It is worthwhile at this stage to comment on the probability required in the estimation of an extreme load in a component. The value is optional, but should be within 90% to 99.9%. It is important to notice that the reliability of wheel suspension and its components should be >99.9% during customer usage. A danger in statistical analysis is that insufficient data are available causing wide scatter and a low confidence in the distribution function. Care was taken throughout the analysis to estimate the accuracy of each distribution function and the AD statistic and corresponding p-value are given for each distribution (see later).
The test program was implemented using a chassis based LCV with front independent suspension and a rigid rear axle.

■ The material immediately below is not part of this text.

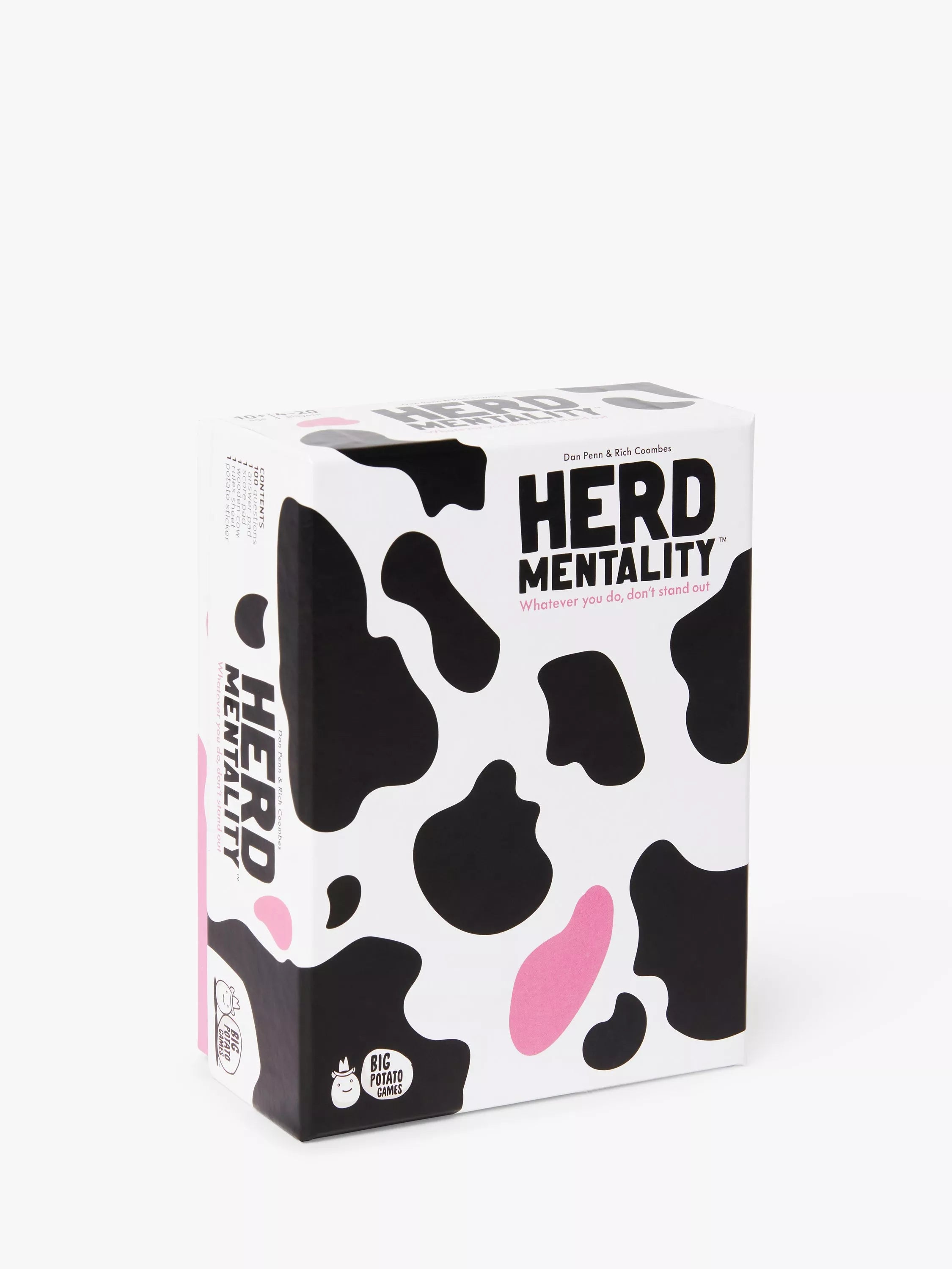 Herd Mentality is a party game with a simple black and white mission: write down the same answer as everyone else. It starts with a random question, then everyone secretly writes down an answer. If your answer is in the majority, you win cows. But if your answer is the odd one out, you'll land the Pink Cow and your herd will be worthless - unless you can pass it on to someone else!

The major components and aggregates of the vehicle were instrumented and response data collected on a customer-correlated proving ground. Multiple response measurements using three different drivers were made to investigate the scatter of the damage and the other statistical properties of the recorded data on the proving ground tracks.
In line with industry practice, an accelerated durability simulation test was developed using a damage based editing procedure on one pre-selected test schedule. The vehicle responses in this accelerated test schedule, which had been reduced to 33% of the time in the original schedule, were used as the targets to derive the excitation time series for the 4-post simulator [2]. The simulation test derived by this methodology was implemented on the same vehicle that was used to record the data. The excitation signals (the actuator drives derived from the targets) were repeated a requisite number of times to simulate the laboratory test equivalent of 12,800km on the proving ground or 160,000km of customer service. Although 86% of the incidents that occurred on this vehicle in the laboratory test correlated well with known incidents on similar vehicles on proving ground tests, there was concern regarding the incidents that were observed on the proving ground and not in the laboratory test and vice versa. In addition, there was concern regarding the relative timing of similar incidents on the proving ground and laboratory tests.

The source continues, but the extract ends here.